On February 3, 1943, Rev. George L. Fox, Rabbi Alexander D. Goode, Rev. Clark V. Poling, and Father John P. Washington all gave their life jackets to other soldiers, linked arms, and prayed while the SS Dorchester sank during World War II. Their act of heroism has been immortalized in Four Chaplains Day.
The four chaplains were relatively new to the military and were all ranked as first lieutenants. Good, Poling and Washington all served as leaders in the Boy Scouts of America despite different backgrounds and ideologies.They were transferred to Camp Myles Standish later in 1942 and attended Chaplains School at Harvard University. In January 1943, the chaplains boarded the SS Dorchester bound to the United Kingdom in an effort to transport over 900 soldiers to the European theater for their new assignments.

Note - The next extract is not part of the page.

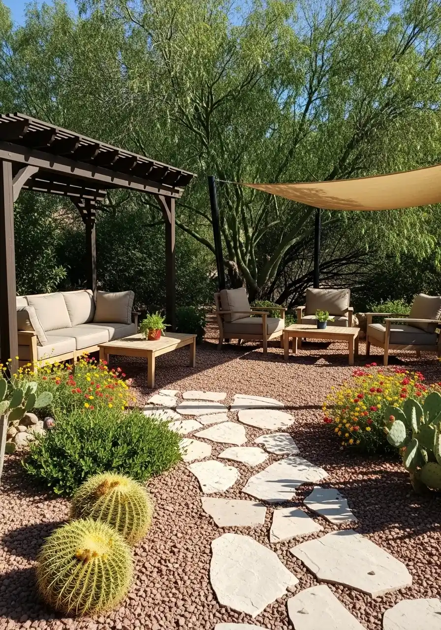 Add shade first. Pergolas, shade sails, or covered patios make a huge difference. Then use gravel, stone, and heat-tolerant plants around the seating zones.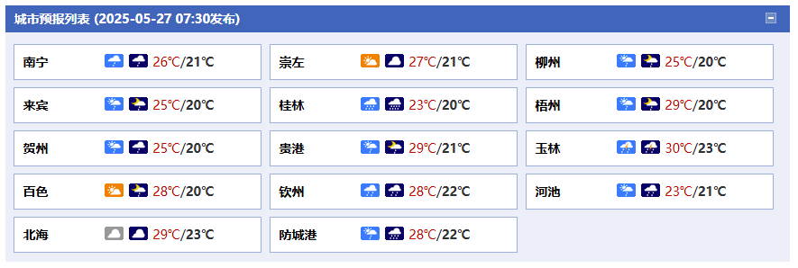 預計今天白天到晚上,桂林、柳州、河池三市北部、百色東部、防城港等市有大雨到暴雨、局地大暴雨并伴有短時雷暴大風等強對流天氣,其它地區(qū)有陣雨或雷雨、局地大雨到暴雨。28日白天到晚上,桂東、桂南部分地區(qū)有暴雨、局地大暴雨并伴有短時雷暴大風等強對流天氣,其它地區(qū)有中雨到大雨、局地暴雨。29日白天到晚上,桂東南及沿海地區(qū)陰天有小到中雨、局地大雨或暴雨,其它地區(qū)有陣雨或雷雨。

The SS Dorchester was a 5,649-ton, 368-foot long civilian liner that was originally built in 1926. Her original purpose was to carry freight and passengers but was converted for military service. This transformation added additional lifeboats, guns and modified windows to allow for more protection against enemy fire. While it was designed for 314 passengers and 90 crew members, she was able to carry over 900 military passengers and crew when she set sail. She set sail on January 23, 1943 as part of a convoy of three ships and was escorted by the Tampa, Escanaba, and Comanche, Coast Guard Cutters.
On February 2, 1943, a torpedo was fired from the German submarine U-223 which hit the Dorchester not too long after midnight. With the ship sinking rapidly, men frantically began trying to get in the lifeboats. Not all of them were operational as some had been damaged, so the four chaplains took to organizing the soldiers and getting them off the ship. Life jackets were distributed and when the supply ran out, the chaplains gave up their life jackets and watched the last of the lifeboats leave. 27 minutes after the torpedo made contact with the ship, the Dorchester sank with the four chaplains and 672 other men still on board. The last glimpse anyone saw of the four chaplains was of them standing on the deck of the ship praying with linked arms and singing hymns.
The Four Chaplains Medal was a special decoration that was approved by Congress 17 years after the sinking of the Dorchester to recognize the actions of the four chaplains. In addition, the men were posthumously awarded the Distinguished Service Cross and the Purple Heart.
In 1968, it was unanimously decided by Congress that February 3 would be Four Chaplains Day. In addition, a US postage stamp was issued in 1948 commemorating the men and the Chapel of the Four Chaplains was dedicated by President Truman on February 3, 1951 to honor chaplains of different faiths at Grace Baptist Church in Philadelphia, Pennsylvania. “This interfaith shrine… will stand through long generations to teach Americans that as men can die heroically as brothers so should they live together in mutual faith and goodwill,” Truman said during his dedication. Memorial foundations have also been started in honor of the men who gave their lives for their fellow soldiers.